I would say the ratio values shown above for The Bahamas and Guinea-Bassau are also inaccurate for the same reason because of the inclusion of many islands.

It looks like the country with the highest legitimate water area to land area ratio is Malawi (0.2847). We would say that about 25% of Malawi is covered with water. The map further below makes that value look reasonable. Malawi, a landlocked country in southeastern Africa, is defined by its topography of highlands split by the Great Rift Valley and enormous Lake Malawi. The lake’s southern end falls within Lake Malawi National Park – sheltering diverse wildlife from colorful fish to baboons – and its clear waters are popular for diving and boating. Peninsular Cape Maclear is known for its beach resorts.

In conclusion, I would say that no country has more than 30% of its land covered with water.

## Summary¶

I don't think I need to rehash all the observations described above.

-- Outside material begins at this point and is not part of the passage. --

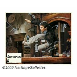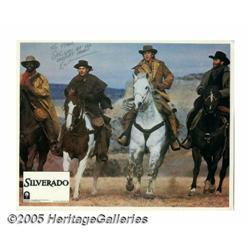 <B>Kevin Costner Signed Lobby Card.</B></I> A promo still for Lawrence Kasdan's over-the-top western "Silverado" sig...

It has been a great journey around the world discovering many things I didn't know about various countries! It sort of tweaked my interest in doing some travelling, when the time is right.

I suppose the most interesting thing I learned was about the Pitcairn Islands and Pitcairn itself being known as "Mutiny on the Bounty" Island and its history surrounding that!

I hope you enjoyed this very informative journey with me. Perhaps my next world project will be titled, "Around the World in 80 Ways".